From: Langley Research Center
Posted: Tuesday, May 16, 2017
NASA had a stellar night during the American Institute of Aeronautics and Astronautics (AIAA) annual Aerospace Spotlight Awards Gala in Washington, D.C. May 3.
NASA’s Langley Research Center in Hampton, Virginia, was honored with the 2017 AIAA Foundation Award for Excellence as recognition for its “100 years of excellence in aerospace achievements, scientific discoveries, and technological breakthroughs.”
The selection committee recognized the center as the nation’s first civilian aeronautical research facility specifically designed to study the problems of flight, calling attention to many of the center’s many firsts.
The facility played a critical role in the early years shaping the nation’s aerospace industry. It pioneered and developed variable density, full-scale, transonic, supersonic and hypersonic wind tunnels; low-drag, streamlined engine cowlings; airfoil characterization, as well as laminar-flow and supercritical wing designs still in use on aircraft today; the swept back wing; the “transonic area-rule;” winglets; and the “blunt-body” concept that is instrumental to our nation’s space and missile programs.
David Bowles, Langley’s director, accepted the award on behalf of the center’s 3,600 civil service and contract employees at the Ronald Reagan Building and International Trade Center.
The AIAA also honored William Gerstenmaier, associate administrator for NASA’s Human Exploration and Operations Mission Directorate and an AIAA Honorary Fellow, with the 2017 Goddard Astronautics Award for his leadership of America’s human spaceflight program, commitment to international space cooperation, and his work inspiring a new generation of space explorers.
Gerstenmaier’s nomination write-up called attention to his instrumental leadership in the success of the space shuttle and International Space Station programs, and his continuing work in supporting private sector development in human spaceflight.
The Goddard Astronautics Award is the highest honor that AIAA bestows for notable achievements in the field of astronautics.
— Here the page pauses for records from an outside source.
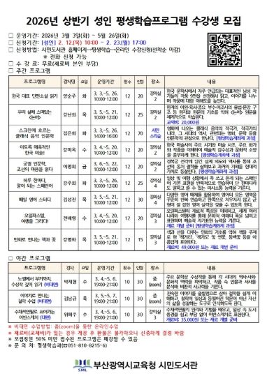 [참좋은뉴스= 기자] 부산광역시립시민도서관(관장 이은경)은 3월부터 5월까지 유아, 어린이, 성인 등 560여 명을 대상으로 26개 평생학습프로그램을 운영한다. 프로그램은 전 연령층의 다양한 학습 수요를 반영해 구성했으며, 특히 어린이 대상 문해력·수리력 등 기초역량 강화 프로그램을 확대 운영한다.
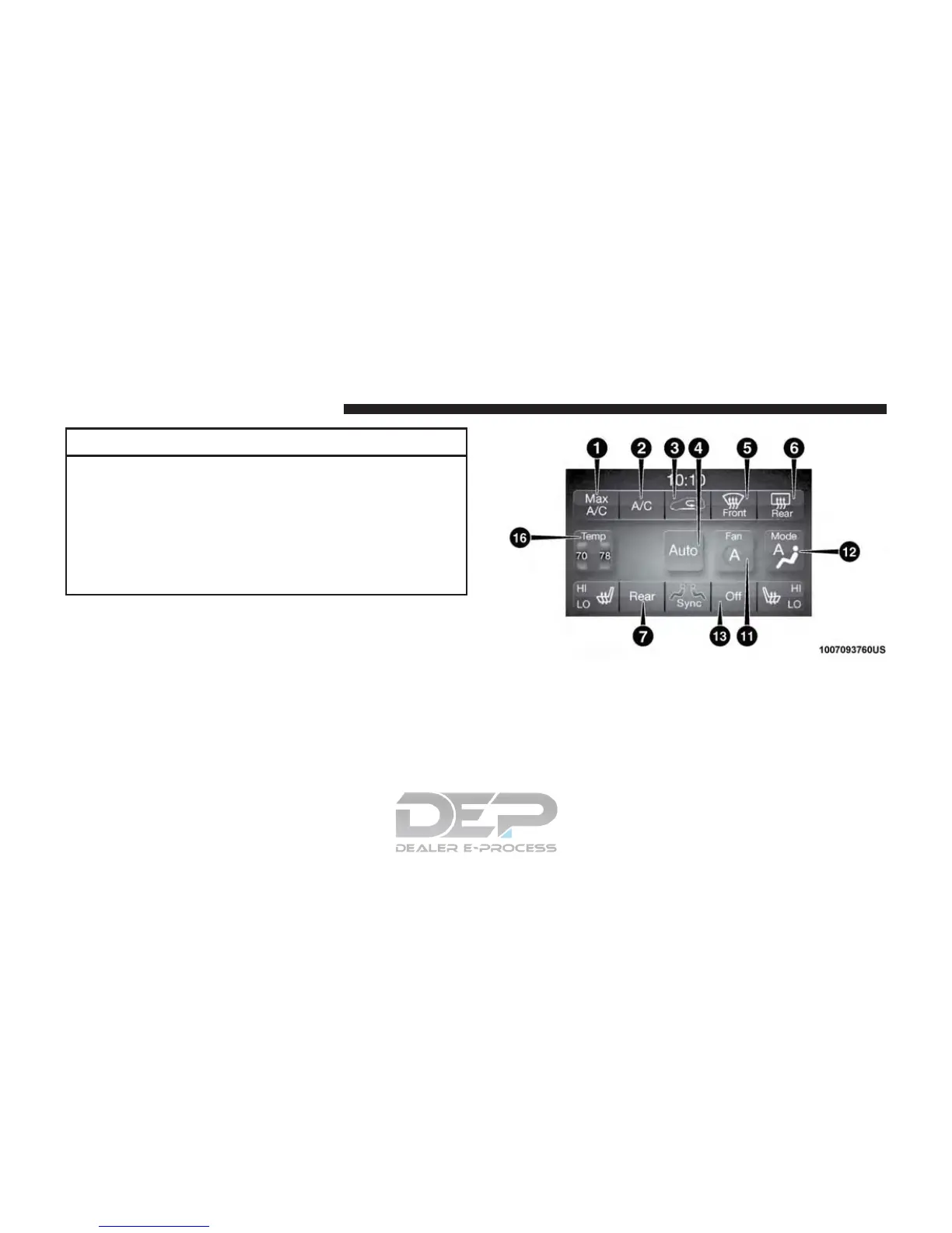 Uconnect 5.0 Automatic Climate Controls — Buttons On
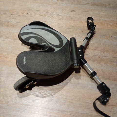 Erittäin hyväkuntoinen Bumprider seisomalauta istuimella. Istuin on helppo irroittaa ja kiinnittää kesken matkan. Seisomlaudan kiinnitys rattaisiin/vaunuihin on universaali ja hyvin säädettävissä. Kiinnitys sujuu myös nopeasti. Erittäin näppärä käytössä.
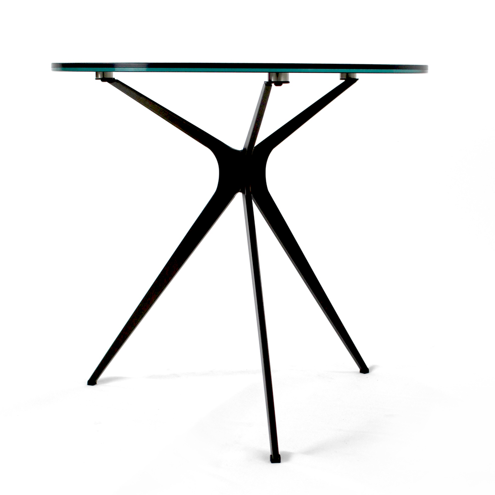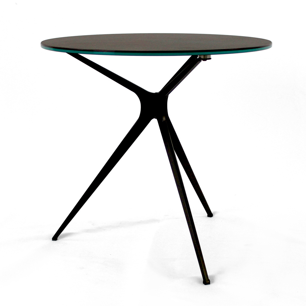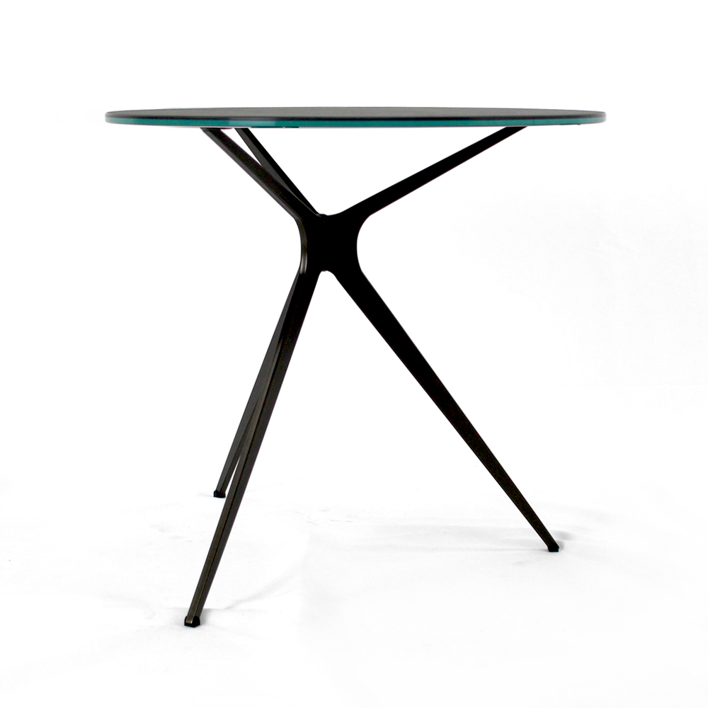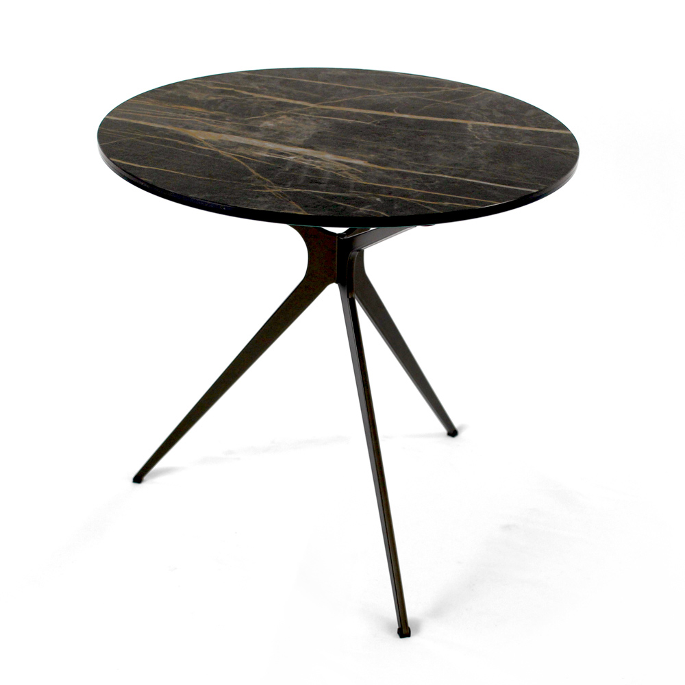 Table basse ronde avec base en acier peint et plateau en grès cérame.
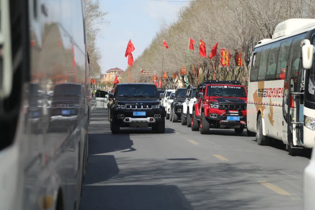 开幕式后,集结完毕、蓄势待发的旅行团、自驾车队从广场鸣笛启程,依次自驾来到博格达尔村,游客们用车轮丈量这片热土,用眼睛一览沿途风光,用心感受温泉县飞速发展的日新月异。

It was endowed by Mrs. Goddard to commemorate her husband, Robert H. Goddard – rocket visionary, pioneer, bold experimentalist, and superb engineer, whose early liquid rocket engine launches set the stage for the development of astronautics.
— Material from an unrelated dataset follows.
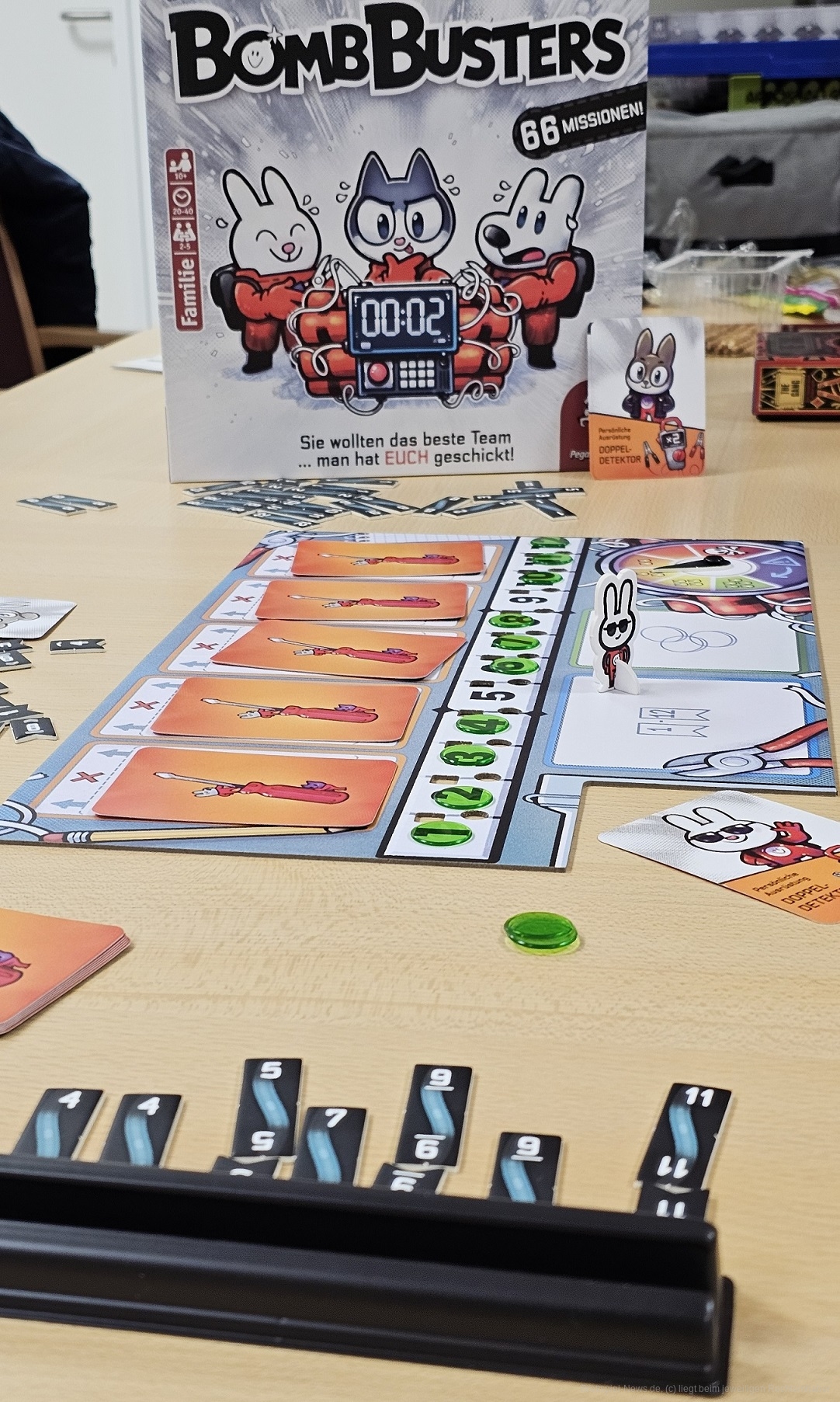 "Bomb Busters" ist ein kooperatives Deduktionsspiel für 2-5 Personen ab 10 Jahren mit einer Spieldauer von ungefähr 30 Minuten, in dem wir in verschiedenen Szenarien versuchen, eine Bombe zu entschärfen.

The AIAA also presented their International Cooperation Award to three individuals for their “vision, leadership, and implementation of the NASA Common Research Model (CRM) advancing United States and international aeronautical research collaboration on industry-relevant challenges in open forums.”
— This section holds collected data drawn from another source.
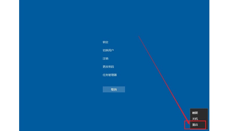 1.电脑重启快捷键“Ctrl Alt Delete”,可以直接选择右下角“关机”按钮旁边的小箭头,可以看到“重启”选项;
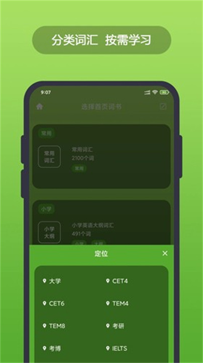 1、根据英语水平进行分级,用户可以根据自己掌握的水平,选择最适合自己的词汇。
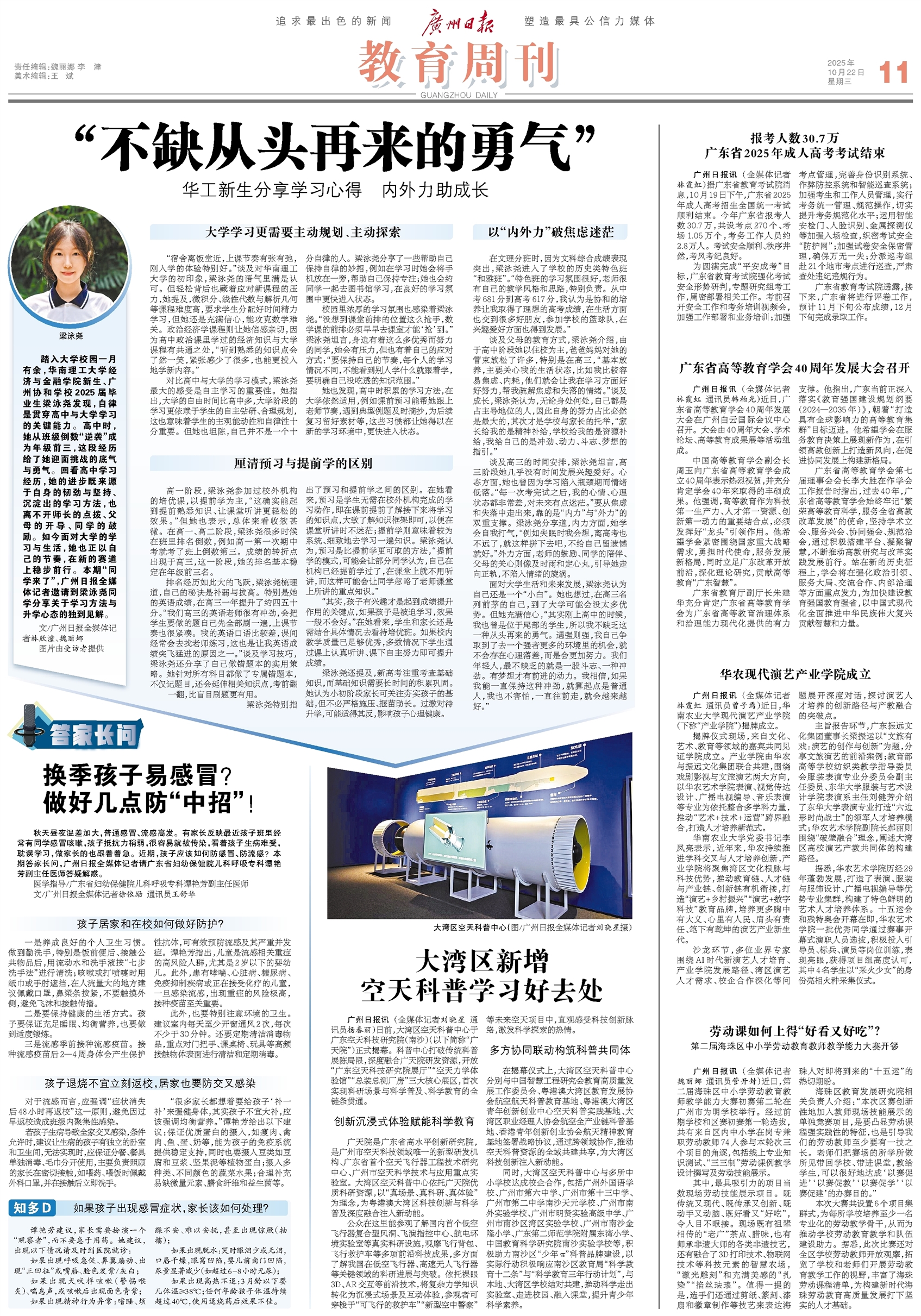 - “不缺从头再来的勇气” 踏入大学校园一月有余,华南理工大学经济与金融学院新生、广州协和学校2025届毕业生梁泳尧发现,自律是贯穿高中与大学学习的关键能力。高中时,她从班级倒数“逆袭”成为年级前三,这段经历给了她迎面挑战的

Richard Wahls, strategic technical advisor, Advanced Air Vehicles Program under NASA’s Aeronautics Research Mission Directorate; Melissa Rivers, research aerospace engineer, Research Directorate at NASA Langley; and John Vassberg, Boeing Technical Fellow, and technical lead, BCA Advanced Concepts/Design Center, The Boeing Company, developed NASA’s Common Research Model to meet the international aerospace community’s need for a modern, industry-relevant research model that could accommodate open and public geometries, process advanced experimental data, and serve as an international standard for wind tunnel testing model that supports comparisons between facilities.
The AIAA confers its International Cooperation Award to those who have made significant contributions to the initiation, organization, implementation and/or management of activities with significant United States involvement that includes extensive international cooperative activities in space, aeronautics or both.